The Venus flytrap is a small carnivorous plant from North Carolina, in the southeastern United States. The flytrap has hinged, jaw-like leaves that capture and "eat" insects.

The Venus flytrap can live in very poor soils since it supplements its diet with minerals obtained from insects.

TRAPPING INSECTS
Each trap on a Venus flytrap plant has sensitive hairs that signal the plant when it is touched and cause it to close quickly. The sweet-scented leaves attract insects.

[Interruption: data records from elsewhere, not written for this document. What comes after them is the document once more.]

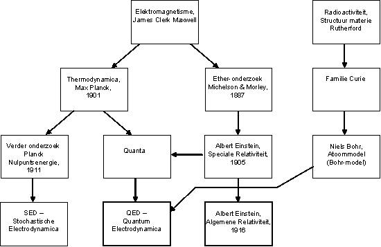 Het klassieke model van het heelal Het klassieke model van de wereld was dat van Aristoteles/Ptolemaeus. Zie pagina over Aristoteles' model.. Het licht had in dit model een oneindige snelheid, voor zover men zich daar een denkbeeld van had gevormd. Een nieuw model In de 16e eeuw stelde Copernicus (Niklaus Koppernigk 1473-1543) een model van het zonnestelsel voor, waarin de zon in het middelpunt stond en de aarde met alle planeten eromheen draaiden. De aarde draaide in 24 uur om zijn as en in 1 jaar om de zon. De planetenbanen waren bij Copernicus nog cirkelvormig, en dus moest hij allerlei hulpbanen bedenken om het een beetje te laten kloppen. De Deen Tycho Brahe (1546-1601) heeft enorm veel metingen gedaan. Zijn leerling Johannes Kepler (1571-1630) zette zijn werk voort, en ontdekte dat de planetenbanen ellipsen zijn. Dat was pas echt een revolutie! Ellipsen!!! In één klap verdwenen alle hulpbanen en epicykels van het toneel. Lang is daarover nog getwist en gediscussieerd, want Aristoteles lag nu in de kosmologie echt op zijn achterste. Galileï (1564-1642) was de eerste die empirisch bewijs vond voor Copernicus’ model. De verdere ontwikkeling loopt dan via Isaac Newton (1642-1727) die de wetten van de zwaartekracht definieerde. In grote lijnen is nu het nieuwe astronomische beeld van de wereld gereed. De sterren staan nog steeds ver weg, al krijgen ze wel steeds meer aandacht. Tycho Brahe bijv. had grote aandacht voor nova’s en supernova’s. De wereldruimte (het vacuüm) dacht men zich nog als een absolute leegte, en de lichtsnelheid aanvankelijk nog als oneindig groot. Toen de Deen Ole Christensen Rømer (zie voor dat laatste de paragraaf over lichtsnelheid) vaststelde dat het licht een eindige snelheid had, begon men na te denken wat licht dan wel was en ook over het medium waarin dat licht zich dan wel moest voortbewegen. Men noemde dat medium ‘ether’. Het was onzichtbaar, onmerkbaar, het hele heelal en alles daarin was ermee gevuld, en het geleidde dus kennelijk licht. Verdere ontdekkingen Had Newton zich nauwelijks uitgelaten over de aard van de krachten, die zijn universum bijeenhielden en die de door hem geformuleerde bewegingen veroorzaakten en in stand hielden, het was niet te verwachten dat de wetenschap zich daarmee tevreden zou stellen. Vanaf de tweede helft van de achttiende eeuw tot in onze tijd toe wordt steeds meer duidelijk dat de macrokosmos (het heelal) en de microkosmos (de wereld van het hele kleine) in zeer nauw verband met elkaar staan. Opeenvolgende ontdekkingen deden het inzicht in de krachten die beide bestuurden, sterk toenemen. Maar daarmee doken ook fundamentele problemen op. Laten we eens zien wat er globaal gebeurde. Elektriciteit en magnetisme Magnetisme was al lang bekend, de Chinezen schijnen het als
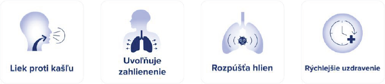 - pomáha uvoľňovať zahlienenie a rozpúšťa hlien,
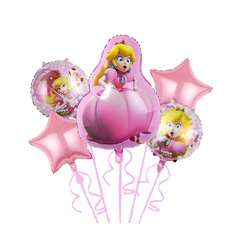 크로스 국경 마리오 게임 알루미늄 필름 풍선 복숭아 공주 만화 모양 어린이 생일 파티 풍선 도매
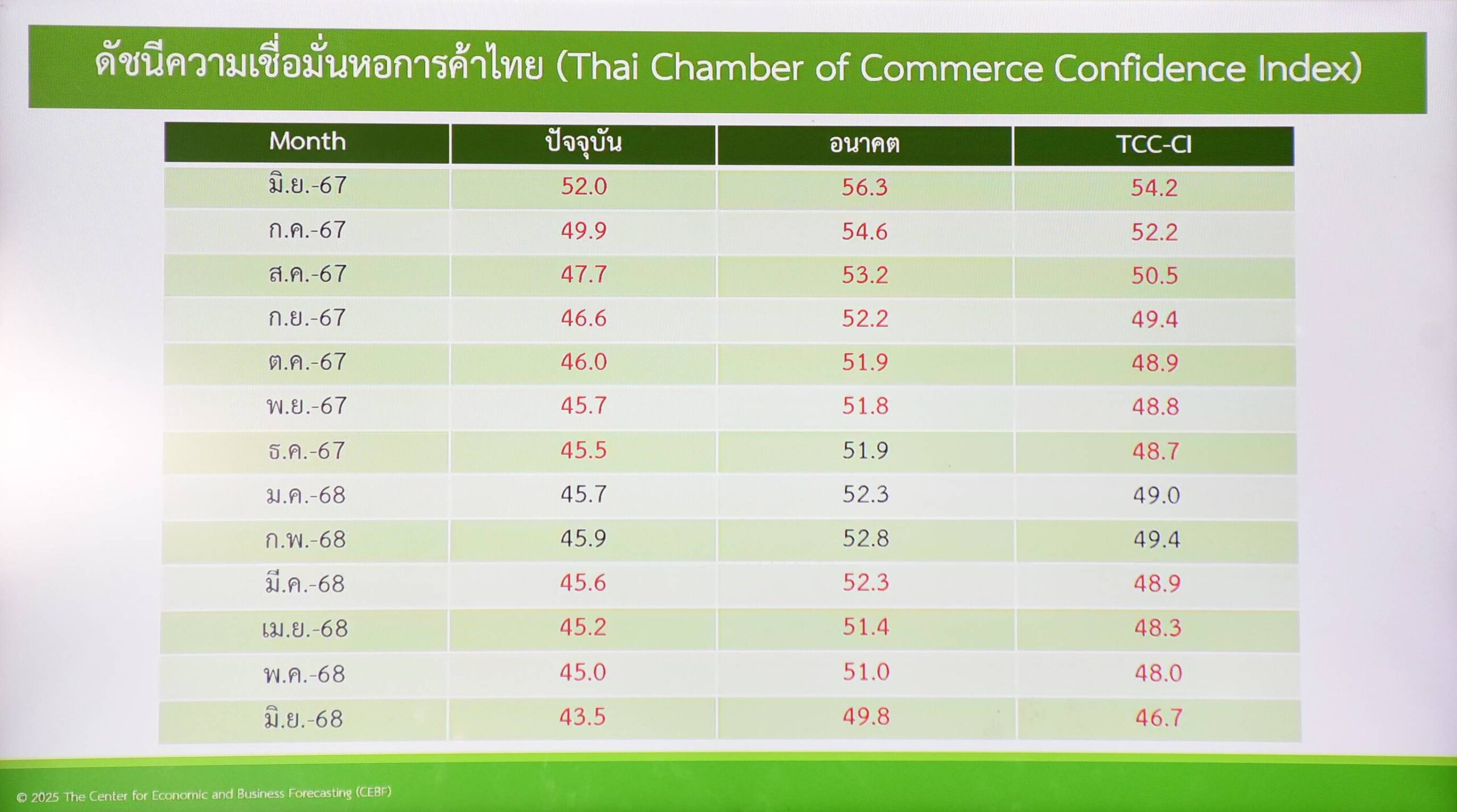 ส่วนดัชนีความเชื่อมั่นหอการค้าไทย เดือน มิ.ย.68 อยู่ที่ 46.7 ลดลงต่อเนื่องเป็นเดือนที่ 4 และต่ำสุดในรอบ 30 เดือน จากความกังวลปัญหาการเมืองในประเทศ กำแพงภาษีสหรัฐฯ การท่องเที่ยวและเศรษฐกิจยังไม่ฟื้น แต่ที่น่าตกใจ คือ ระดับการจ้างงานมีค่าต่ำกว่า 40 โดยภาคธุรกิจต้องการให้รัฐบาลเร่งมาตรการกระตุ้นเศรษฐกิจเพื่อเพิ่มกำลังซื้อ เร่งเจรจาต่อรองภาษีกับสหรัฐฯให้เหลือต่ำกว่า36% เร่งปล่อยสินเชื่อเข้าสู่ระบบมากขึ้น รวมทั้งหามาตรการป้องกันและรับมือกับสถานการณ์ชายแดนไทย-กัมพูชา ไม่ให้เกิดความสูญเสีย
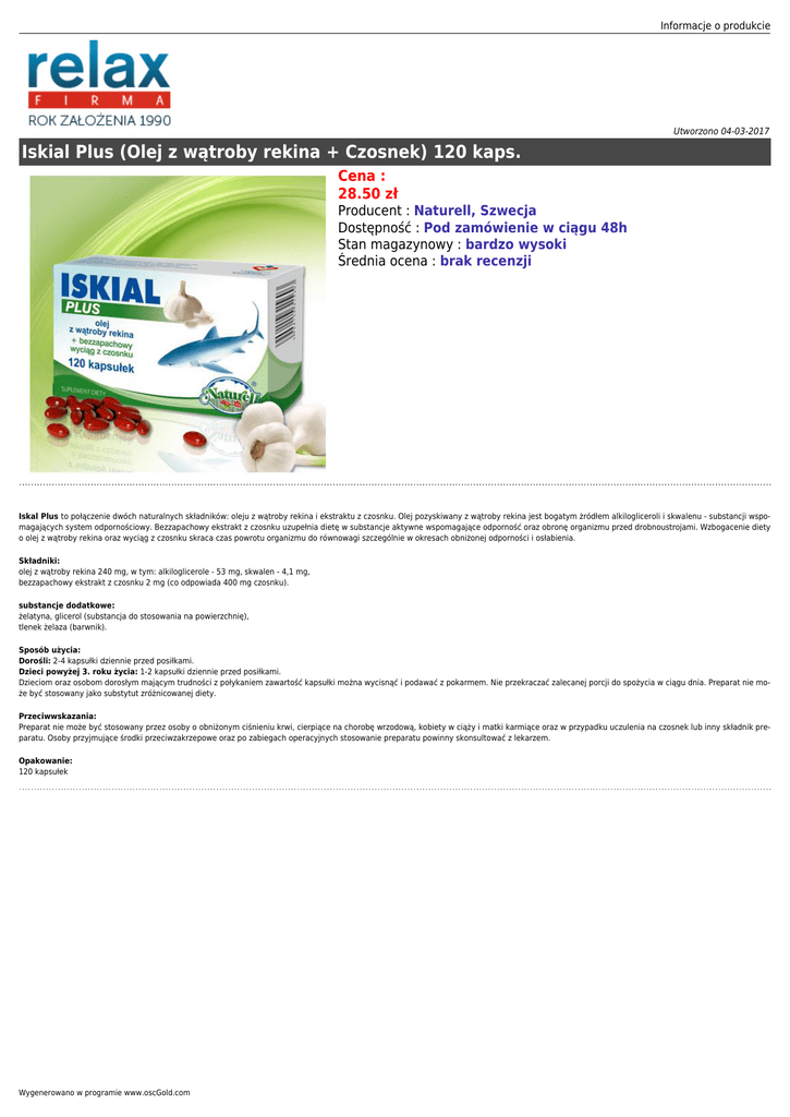 Informacje o produkcie Utworzono 04-03-2017 Iskial Plus (Olej z wątroby rekina + Czosnek) 120 kaps. Cena : 28.50 zł Producent : Naturell, Szwecja Dostępność : Pod zamówienie w ciągu 48h Stan magazynowy : bardzo wysoki Średnia ocena : brak recenzji Iskal Plus to połączenie dwóch naturalnych składników: oleju z wątroby rekina i ekstraktu z czosnku. Olej pozyskiwany z wątroby rekina jest bogatym żródłem alkilogliceroli i skwalenu - substancji wspomagających system odpornościowy. Bezzapachowy ekstrakt z czosnku uzupełnia dietę w substancje aktywne wspomagające odporność oraz obronę organizmu przed drobnoustrojami. Wzbogacenie diety o olej z wątroby rekina oraz wyciąg z czosnku skraca czas powrotu organizmu do równowagi szczególnie w okresach obniżonej odporności i osłabienia. Składniki: olej z wątroby rekina 240 mg, w tym: alkiloglicerole - 53 mg, skwalen - 4,1 mg, bezzapachowy ekstrakt z czosnku 2 mg (co odpowiada 400 mg czosnku). substancje dodatkowe: żelatyna, glicerol (substancja do stosowania na powierzchnię), tlenek żelaza (barwnik). Sposób użycia: Dorośli: 2-4 kapsułki dziennie przed posiłkami. Dzieci powyżej 3. roku życia: 1-2 kapsułki dziennie przed posiłkami. Dzieciom oraz osobom dorosłym mającym trudności z połykaniem zawartość kapsułki można wycisnąć i podawać z pokarmem. Nie przekraczać zalecanej porcji do spożycia w ciągu dnia. Preparat nie może być stosowany jako substytut zróżnicowanej diety. Przeciwwskazania: Preparat nie może być stosowany przez osoby o obniżonym ciśnieniu krwi, cierpiące na chorobę wrzodową, kobiety w ciąży i matki karmiące oraz w przypadku uczulenia na czosnek lub inny składnik preparatu. Osoby przyjmujące środki przeciwzakrzepowe oraz po zabiegach operacyjnych stosowanie preparatu powinny skonsultować z lekarzem. Opakowanie: 120 kapsułek Wygenerowano w programie www.oscGold.com

When an insect alights on a trap and triggers hairs, it causes the jaw-like leaves to snap shut. It takes about 1/30 of a second for the leaves to snap shut (in full sunlight). Cloudy conditions or low temperatures slow the reaction time.

The trapped insect is then slowly dissolved by acids and digested by the plant. About a week later, all that is left of the insect is its hard chitin exoskeleton.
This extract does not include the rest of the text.